One of the varieties of poured floors is polymer, and they can be plain, or they can contain an image. These are so-called 3D floors. They are all applied using the same technology, with their own characteristics. One caveat - polymer floors (and three dee) require an ideal base. It can be done on a concrete slab using pouring technology. Therefore, it is imperative to study it.

Technology and sequence of actions

If you start looking for what mixture to buy to make a self-leveling floor with your own hands, you will get confused: there are different compositions with different characteristics.
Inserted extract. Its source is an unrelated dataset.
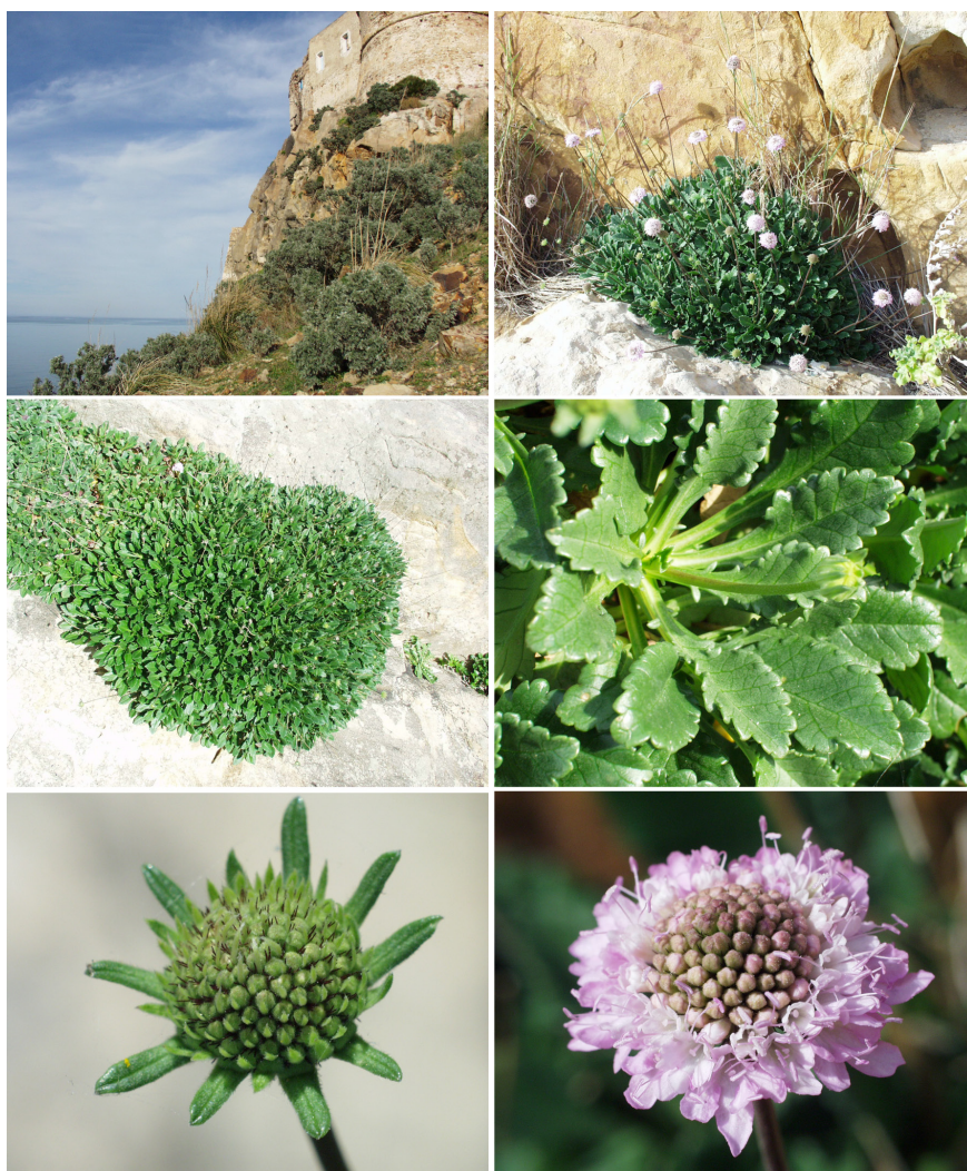
Fig. 2. Sixalix farinosa (Coss.) Greuter & Burdet en début de floraison dans sa localité tunisienne du fort de Tabarka (gouvernorat de Jendouba), en compagnie d' Anthyllis barba-jovis L.

espèces (QUÉZEL & SANTA, 1962-1963; POTTIER-ALAPETITE, 1979 ;1981); Bunium crassifolium (Batt.) Batt. [= B. mauritanicum var. crassifolium Batt.]; Centaurea papposa (Coss.) Greuter [= C. gymnocarpa var. papposa Coss. = C. cineraria var. gymnocarpa auct.]; Genista aspalathoides Lam. [sensu stricto]. Ainsi, la découverte de Sixalix farinosa en Algérie nord-orientale, si elle confirme l'intérêt toujours plus grand de cette région encore mal explorée, n'est point surprenante sur le plan biogéographique, et d'autres découvertes du même ordre pourraient ainsi encore voir le jour.

All of them are used in this technology, but for different needs and situations. There are two large groups:


Not so much? But that's not all. In each of these groups there are quick-hardening compositions. On the one hand, this is good: repairs will take less time. On the other hand, if you lack experience (and where can you get it if you are making a poured floor with your own hands for the first time), the speed of hardening can result in the fact that while you stir all the lumps when the composition is congested, it will begin to set and there is no time to level it. There have been cases. For example, we were planning to fill a room of 16 square meters, and mixed two bags of a quick-hardening composition in a large tub. The time from getting into the water to setting is 25 minutes. All lumps were stirred for 15 minutes. The solution was poured onto the floor, but it hardly flowed anymore. We tried to level it, but it almost didn’t work. Then they quickly loaded everything into bags and took it to the trash heap. The conclusion is simple: to avoid such a situation, do not take quick-hardening compounds for your first experiment.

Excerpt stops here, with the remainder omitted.